As a side note, I've learned that the existence of a large number of viable ways to accomplish a task is a pretty big anti-signal for the desirability of accomplishing that task in the first place. When I started my career in 2000, there was a huge debate over whether the "right" way to develop a desktop application was MFC or .NET or Java or Visual Basic or Qt or WxWindows. The real answer was "don't develop desktop apps, because the web's about to take over". When the big web 2.0 businesses were founded from 2005-2011, there were basically two viable options for building a webapp: Rails or Django. Now that everyone's arguing about microservices vs. Docker vs. Kubernetes vs. serverless vs. Beanstalk vs. Heroku, it's likely that the real answer is "develop a blockchain app instead".

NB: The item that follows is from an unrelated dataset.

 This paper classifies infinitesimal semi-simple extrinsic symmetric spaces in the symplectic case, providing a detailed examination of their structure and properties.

> If your best choice was Rails or Django 10 years ago you probably don't have a viable startup today. Why? Because it's 10 years later. Technology moves on and market niches get filled. There are orders of magnitudes more people with the skill to setup a basic CRUD webapp, and about 15 years for the markets that these can serve to have been filled.

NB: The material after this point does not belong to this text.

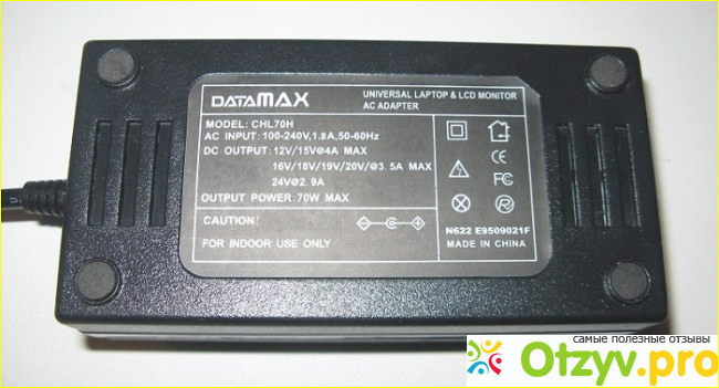 Универсальный адаптер для ноутбуков Universal Notebook Adaptor Datamax CHL70H может с успехом заменить внезапно вышедший из строя блок питания (адаптер), так как не всегда удается найти в подобной ситуации оригинальный адаптер. Этот универсальный внешний блок питания обладает выходной мощностью 70 Ватт, при этом можно выбирать выходное напряжение многопозиционным переключателем, который расположен сбоку на корпусе.

That's... not true. The choice of web stack – and, in fact, the whole software – is just a piece of what a startup may need.

Seriously, look at the list of YC startups on 2018 and tell me if most couldn't use either something like Rails, or a Single Page App In React With A Serverless Backend. And it wouldn't matter one bit.

https://techcrunch.com/2018/03/20/these-are-the-64-startups-...

> it's likely that the real answer is "develop a blockchain app instead".

I hope that was sarcasm.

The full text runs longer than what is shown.